確かに勿論同じような失敗をしないよう何度も何度もあの場面を思い出し次は上手くやるための方法を考えてはいるが・・・・こんな俺の事を信じてくれるのか。それならば、俺もその期待に応える為に色々な事をクロガネ殿から学びたいのだが、良いだろうか?
よし、許して貰えたな。
さて、聞きたい事は沢山あるんだ。どうやって森の中を足音も立てずに歩いているんだ?癖だと?その方法のコツはあるだろうか。フラワーディアの対処法はどうすれば良いのだ?俺の考えだと近づいた者に反応し花を開花させるのであれば、遠距離から魔法で潰してしまえば・・・・その方法だと素材が台無しになるか。なんと、あの角は高値で取引され良い薬の材料になるのか。それならば潰す訳にはいかないな。つまり、魔法であいつを囲んで逃げ場を無くし遠距離による攻撃で倒せば良いということだな。
フラワーディアの特性で魔力を敏感に察知するから魔法を準備している間に逃げられる可能性があると
むぅ中々に難しい相手なのだな。素早く魔法を使えば問題無いと言うが、俺はどうしても詠唱が必要なんだ。
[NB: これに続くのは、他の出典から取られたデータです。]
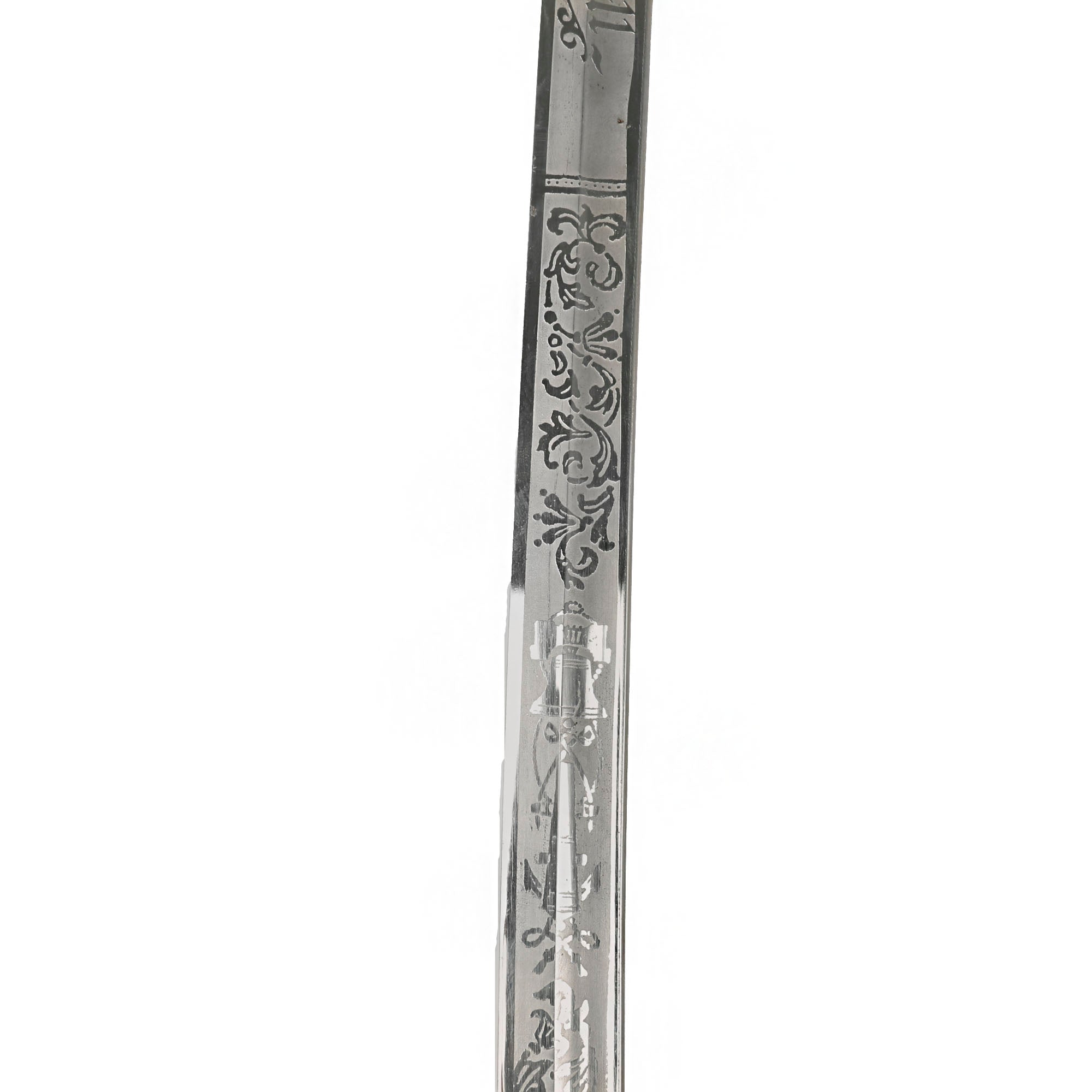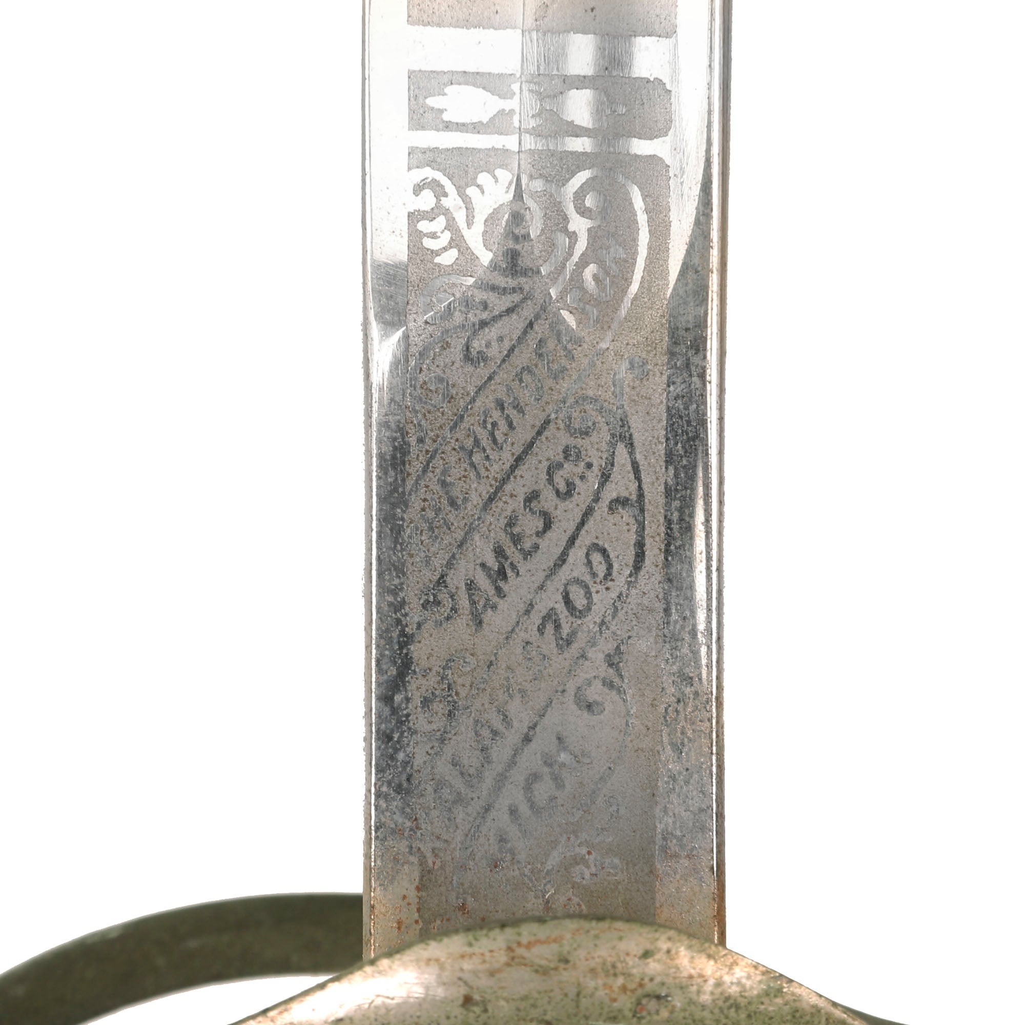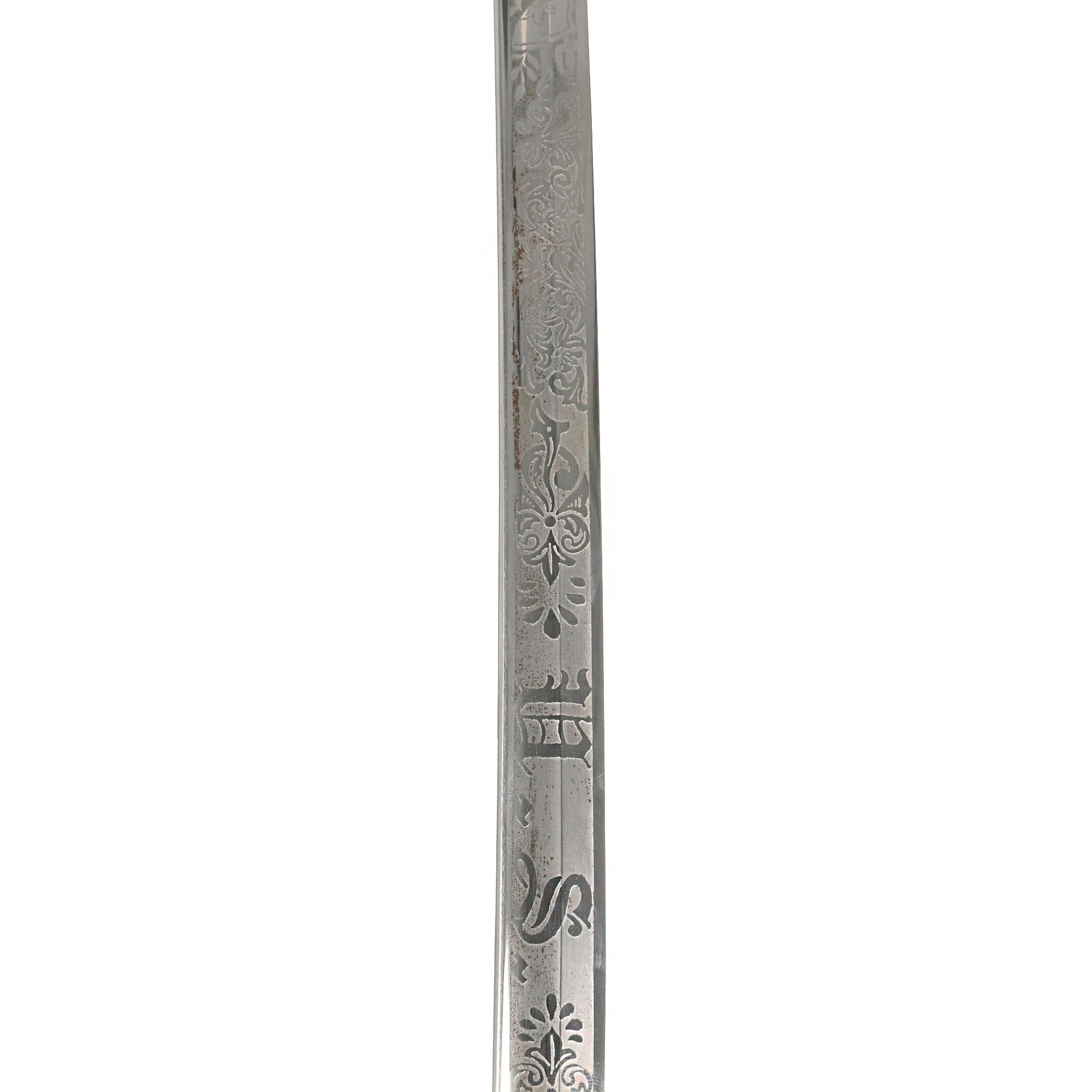 There is a large panel on one side where the officer’s name is etched C.A. McGill. Due to the common last name, we have been unable to identify this officer. Should be a great research project! Condition is very good, though there is some oxidation and wear to the nickel plate, which has started to bubble up and flake on the scabbard. There is also some wear through on the hilt, which has minor movement. The leather blade buffer is still present, and the blade is stamped GERMANY.
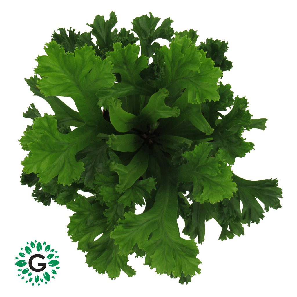 wavy edged fronds that grow in a rosette shape forming a bowl or nest.
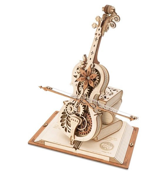 全体的にはロマンチックでレトロな雰囲気が漂い、主にチェロと魔法の本から構成されています。透かし彫りのボディ部分は内部の歯車をクリアに展示し、花びらの六枚付く花がチェロを引き立たせます。胴体にはヨーロッパ風の模様が刻まれ、非常にレトロで美しい雰囲気を醸し出しています。また、魔法ブック、小さな魔女、猫などのマジック要素がたくさん取り入れられています。さらに、魔法ブックの形をした台座には「20世紀最大のチェリスト」とされるパブロ・カザルスのストーリーが刻まれて、本体のチェロに重厚感を添えます。ご注意:
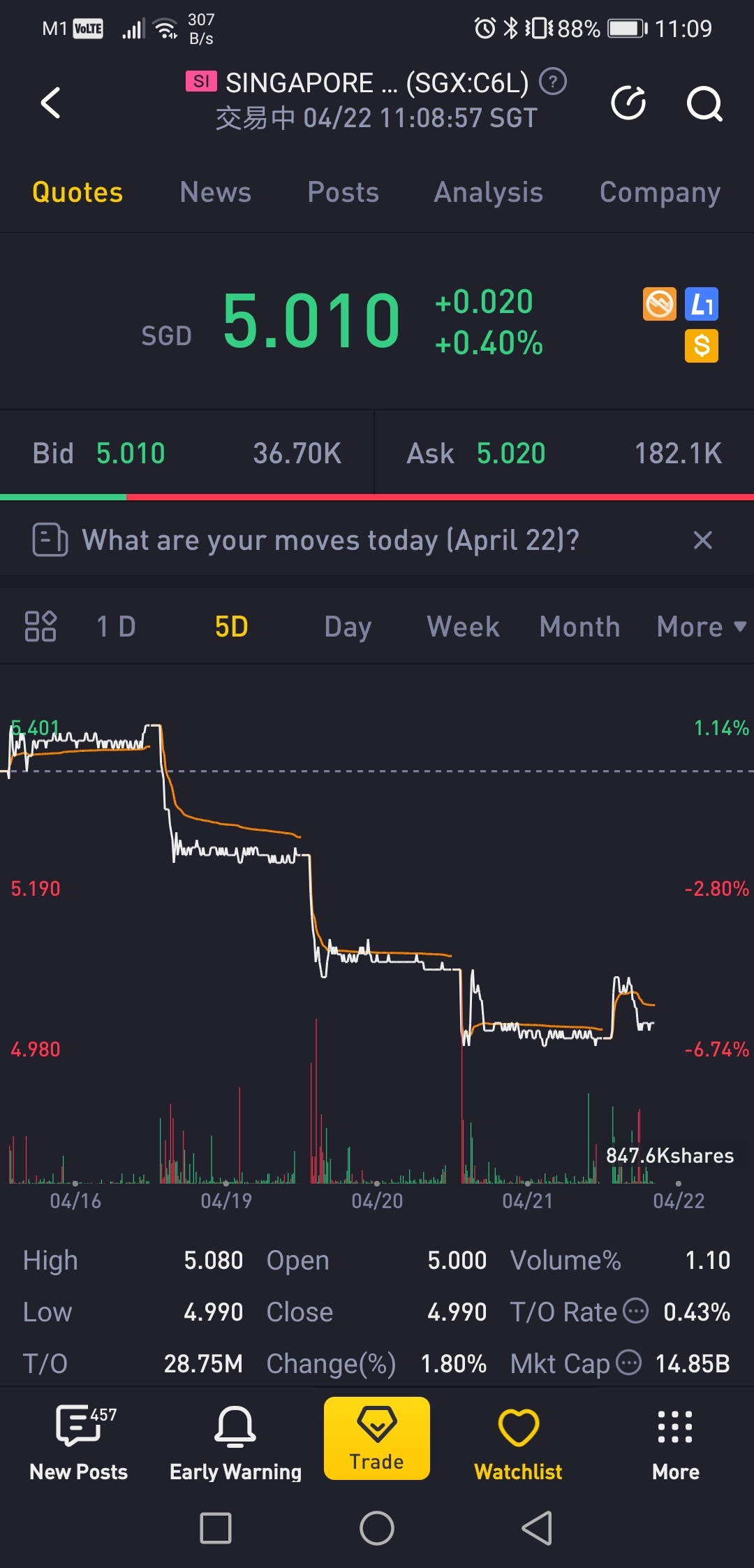 $SINGAPORE AIRLINES LTD(C6L.SI)$staircase drop..
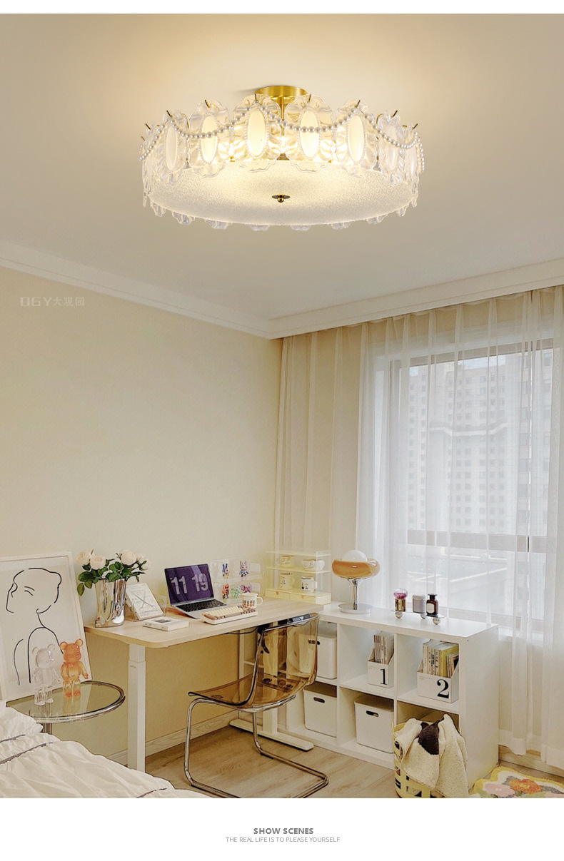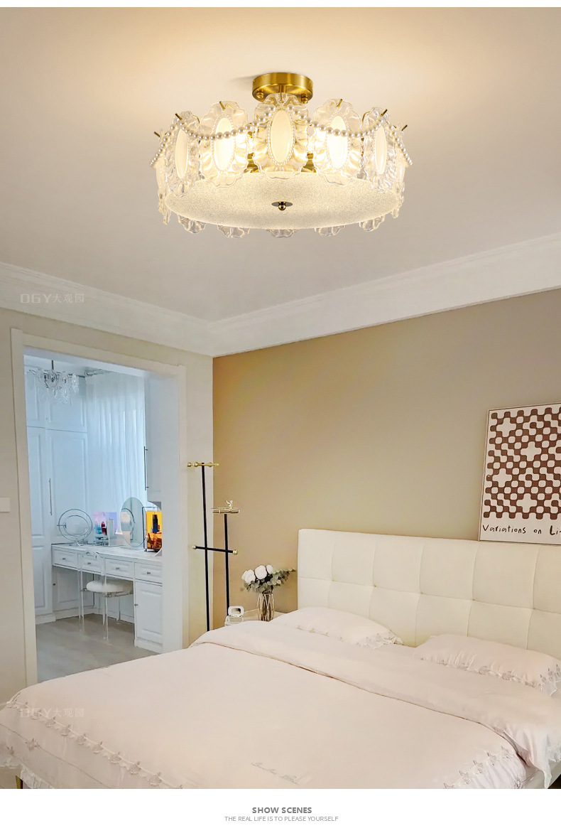 法式中古风金箔荷叶卧室主灯南洋风轻奢高级感简约衣帽间灯具686L
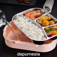 Tak perlu microwafe untuk menghangatkan makanan. Anda dapat mengisi bagian bawah kotak makan dengan air panas untuk menghangatkan makanan di atasnya. Cara yang sangat mudah untuk menikmati makanan hangat.
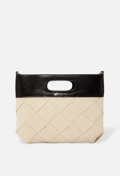 Material: Linen Size: 11”L x 9”H x 0.5”D Hardware color: Gold Removable Shoulder drop measurement : 22" Removable Adjustable Shoulder Strap Pockets: 1 interior pocket Closure: Zipper

そもそも、クロガネ殿は何故あのような高等な魔法を使っておいて詠唱が必要ないんだ?何となく出来るようになっただと、これが差か。
遠慮なく多くの質問を投げかけるが全く嫌な顔をすることなく答えてくれるクロガネ殿。俺が持っていない知識を沢山持っている様で、魔物や森そして戦いの事に関しては全く悩む事無く答えてくれるので相当勉強して来たことが分かるな。その間も魔法を練習する手を止めていないが、本当にその魔法は一体何なんだ?木片が形を変えたり炭となったりと忙しないみたいだが・・・・
色々な事を質問し答えて貰っていると、あっという間に時間は過ぎて行き空は明るくなって来てしまった。
「そろそろ時間ですね。もっと質問に答えてあげたいんですけど、ちょっと朝の鍛錬だけやらせてください」
「あぁ、勿論だ。見ても良いか?」
「良いですけど、面白い物じゃないですよ」
そう言って立ち上がったクロガネ殿は少し空間のある場所に居くと、腰に携えたナイフを抜き目にも止まらない速度で素振りをし、体も動かしながらまるで見えない相手と戦っているかのような動きをし始めた。俺には無い身軽さと素早さ、そして高速の連撃に柔軟さに目を奪われてしまった。そして一通りの動きが終わると、魔法の矢を無数に作り出してはゆっくりと動かし体の周囲に纏うように動かし始めた。
なんて数だ。動きは遅いがあの数を一度に操るのは相当な精神力が必要になるはずだ。
「クロガネ殿は何かの型を習ったのか?」
「いや、全部自己流ですよ」
実践で使える程の動きを自分で作り出した訳か・・・・流石だな。